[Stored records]

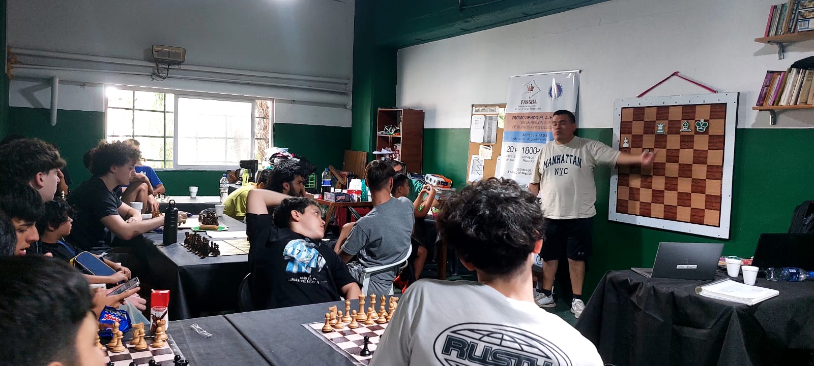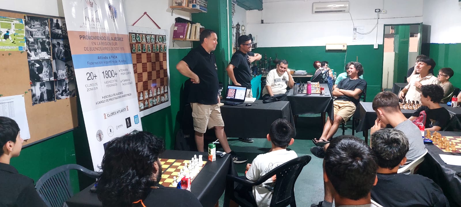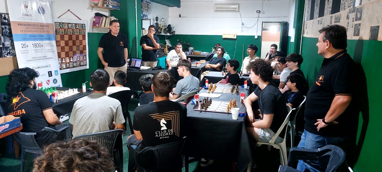 Por iniciativa de Gustavo Salaberry, este sábado 21.02 en el espacio de 10:00-14:00 horas, se celebró el primer campamento ajedrecístico de la Federación en las instalaciones del Club Atlético Banfield, un evento inédito en nuestra rica historia. Se acercaron 25 juveniles de todo el arco de clubes que componen Fasgba, que compartieron una hermosa mañana a puro ajedrez y aprendizaje. Participaron además distinguidos profes de varios clubes de la Federación y se contó con la impecable organización de Laura Díaz e Ignacio Quiro Díaz.
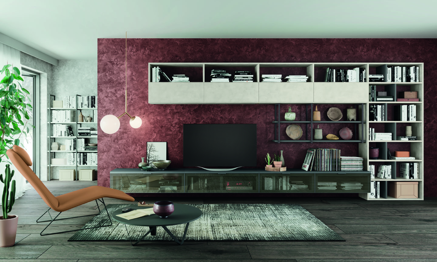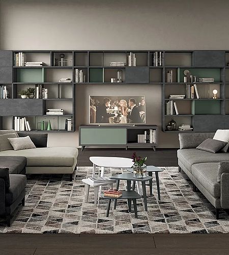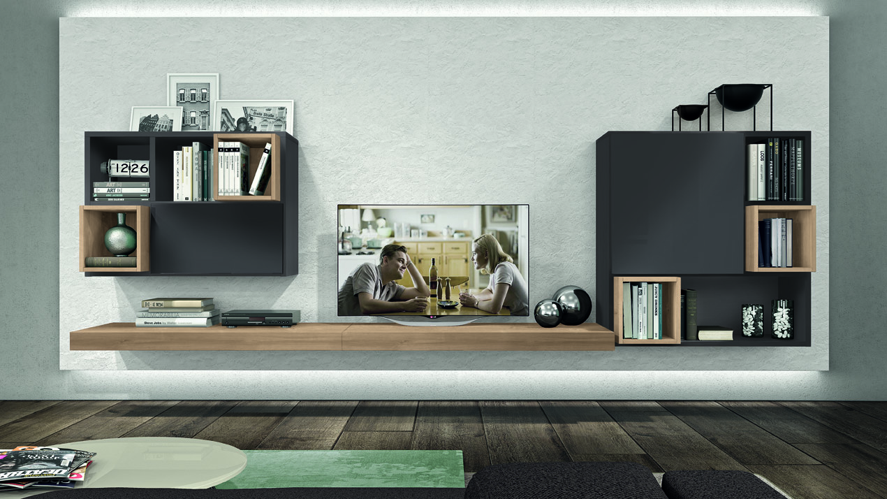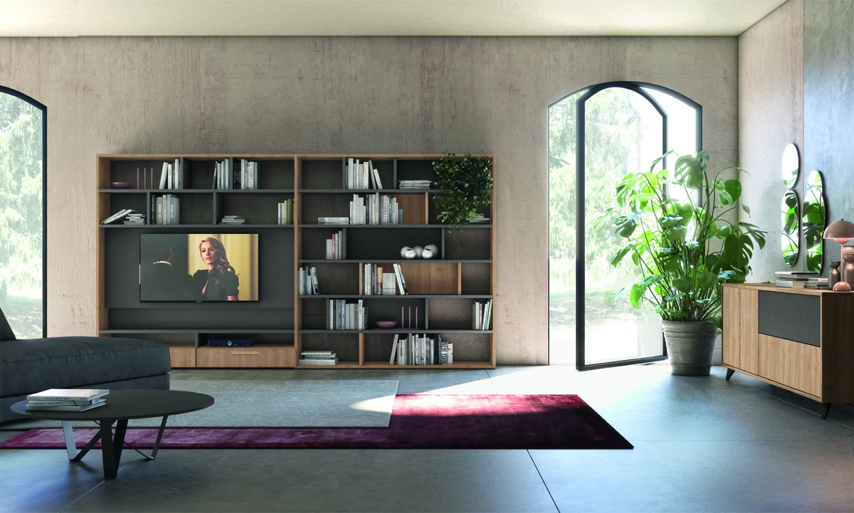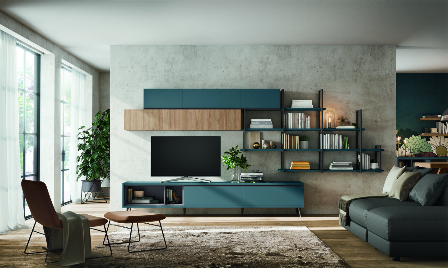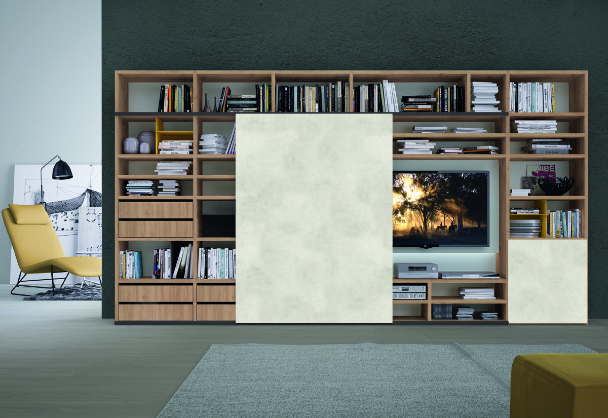 Tante soluzioni diverse per arredare la Zona Giorno e renderla unica, assecondando le esigenze e le peculiarità di ogni ambiente. Madie, basi, pensili e librerie a terra o sospese, diventano protagoniste del Living, donando carattere e stile ad ogni elemento presente.
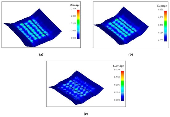 Damage factors of form3 with (a) 10 mm pins; (b) 12 mm pins; (c) 14 mm pins.
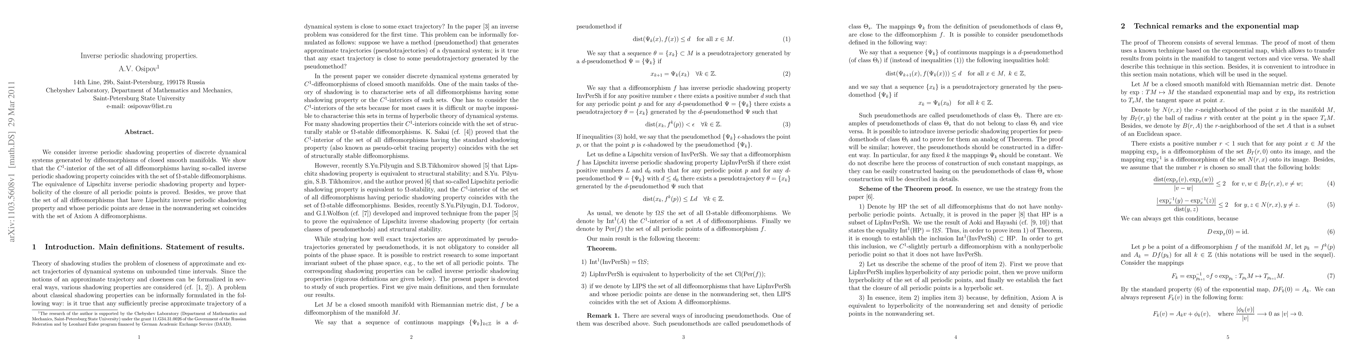 We consider inverse periodic shadowing properties of discrete dynamical systems generated by diffeomorphisms of closed smooth manifolds. We show that the $C^1$-interior of the set of all diffeomorphisms having so-called inverse periodic shadowing property coincides with the set of $\Omega$-stable diffeomorphisms. The equivalence of Lipschitz inverse periodic shadowing property and hyperbolicity of the closure of all periodic points is proved. Besides, we prove that the set of all diffeomorphisms that have Lipschitz inverse periodic shadowing property and whose periodic points are dense in the nonwandering set coincides with the set of Axiom A diffeomorphisms.
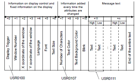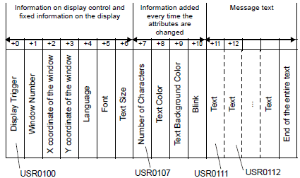 Number of Characters (Specified Address+7), Text Color (Specified Address+8), Text Background Color (Specified Address+9) and Blink (Specified Address+10) must be set collectively as one setting.
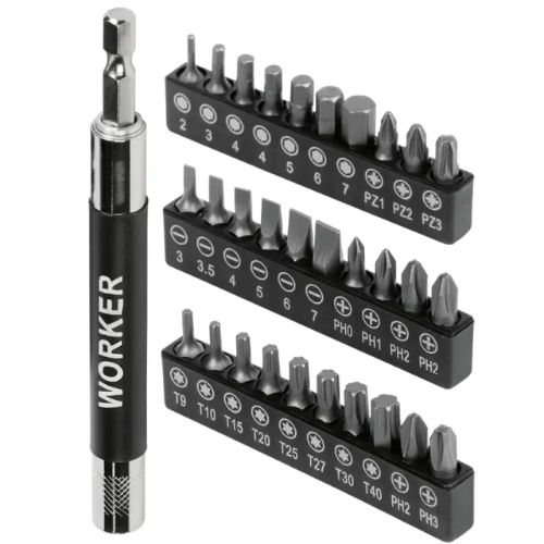 O Jogo de Bits Worker com 31 Peças é a solução versátil e resistente para quem busca eficiência em trabalhos manuais. Produzidos em aço cromo vanádio e submetidos a tratamento térmico, os bits oferecem excelente durabilidade e resistência ao desgaste, mesmo sob uso intenso.
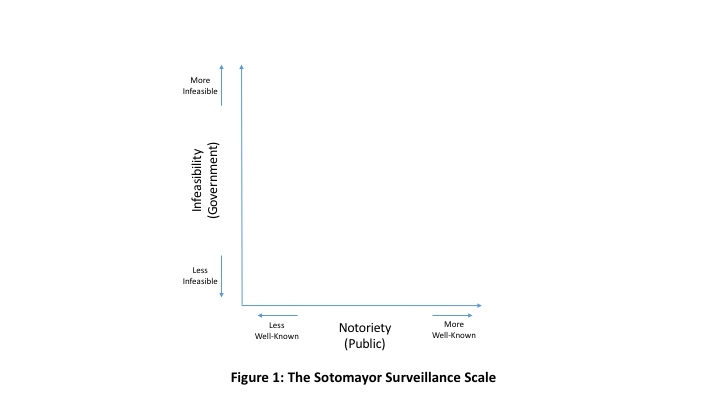 This observation by Justice Sotomayor, which I will refer henceforth as the Sotomayor Surveillance Scale, brilliantly illustrates the historically natural resistance posed to government surveillance programs by limited resources and public opinion (see Fig. 1). As shown in Figure 1, these two factors are represented on two axes.
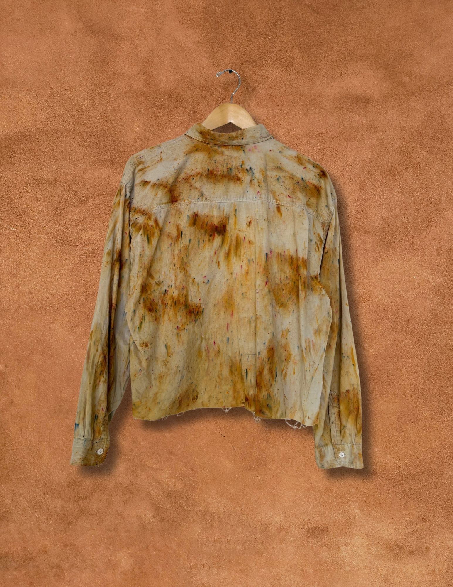 A lived-in canvas of history and craft. This upcycled vintage workwear shirt carries the marks of time — reimagined through a painterly dye process that brings warmth, texture, and life to its utilitarian roots. Each piece tells its own story through faded hues, subtle splatters, and hand-finished details.
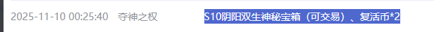 S28开袋有礼活动,开出一个 S10阴阳双生神秘宝箱(可交易)没收到
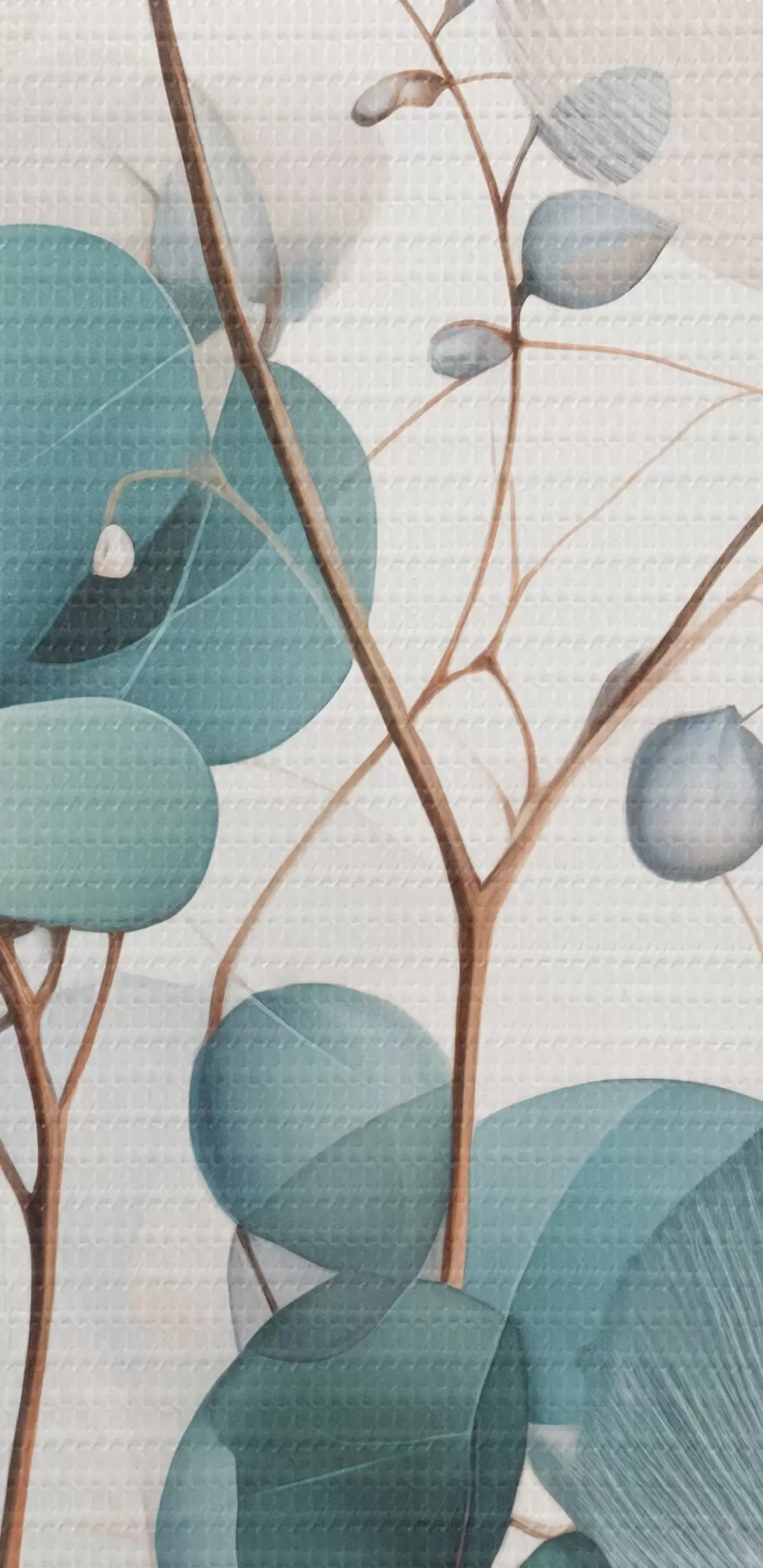 Schilderijen Eucalyptustak met blauwe bladeren en witte bloemen, lichte achtergrond m00829
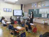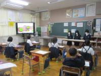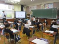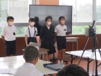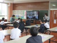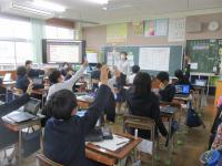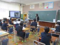 クラスごとに撮影した、授業始めの様子の映像を見合いっこしました。

● Work required: Would you please print the entries once more, word for word, minus the pictures?

● Response:
 Por iniciativa de Gustavo Salaberry, este sábado 21.02 en el espacio de 10:00-14:00 horas, se celebró el primer campamento ajedrecístico de la Federación en las instalaciones del Club Atlético Banfield, un evento inédito en nuestra rica historia. Se acercaron 25 juveniles de todo el arco de clubes que componen Fasgba, que compartieron una hermosa mañana a puro ajedrez y aprendizaje. Participaron además distinguidos profes de varios clubes de la Federación y se contó con la impecable organización de Laura Díaz e Ignacio Quiro Díaz.
 Tante soluzioni diverse per arredare la Zona Giorno e renderla unica, assecondando le esigenze e le peculiarità di ogni ambiente. Madie, basi, pensili e librerie a terra o sospese, diventano protagoniste del Living, donando carattere e stile ad ogni elemento presente.
 Damage factors of form3 with (a) 10 mm pins; (b) 12 mm pins; (c) 14 mm pins.
 We consider inverse periodic shadowing properties of discrete dynamical systems generated by diffeomorphisms of closed smooth manifolds. We show that the $C^1$-interior of the set of all diffeomorphisms having so-called inverse periodic shadowing property coincides with the set of $\Omega$-stable diffeomorphisms. The equivalence of Lipschitz inverse periodic shadowing property and hyperbolicity of the closure of all periodic points is proved. Besides, we prove that the set of all diffeomorphisms that have Lipschitz inverse periodic shadowing property and whose periodic points are dense in the nonwandering set coincides with the set of Axiom A diffeomorphisms.
 Number of Characters (Specified Address+7), Text Color (Specified Address+8), Text Background Color (Specified Address+9) and Blink (Specified Address+10) must be set collectively as one setting.
 O Jogo de Bits Worker com 31 Peças é a solução versátil e resistente para quem busca eficiência em trabalhos manuais. Produzidos em aço cromo vanádio e submetidos a tratamento térmico, os bits oferecem excelente durabilidade e resistência ao desgaste, mesmo sob uso intenso.
 This observation by Justice Sotomayor, which I will refer henceforth as the Sotomayor Surveillance Scale, brilliantly illustrates the historically natural resistance posed to government surveillance programs by limited resources and public opinion (see Fig. 1). As shown in Figure 1, these two factors are represented on two axes.
 A lived-in canvas of history and craft. This upcycled vintage workwear shirt carries the marks of time — reimagined through a painterly dye process that brings warmth, texture, and life to its utilitarian roots. Each piece tells its own story through faded hues, subtle splatters, and hand-finished details.
 S28开袋有礼活动,开出一个 S10阴阳双生神秘宝箱(可交易)没收到
 Schilderijen Eucalyptustak met blauwe bladeren en witte bloemen, lichte achtergrond m00829
 クラスごとに撮影した、授業始めの様子の映像を見合いっこしました。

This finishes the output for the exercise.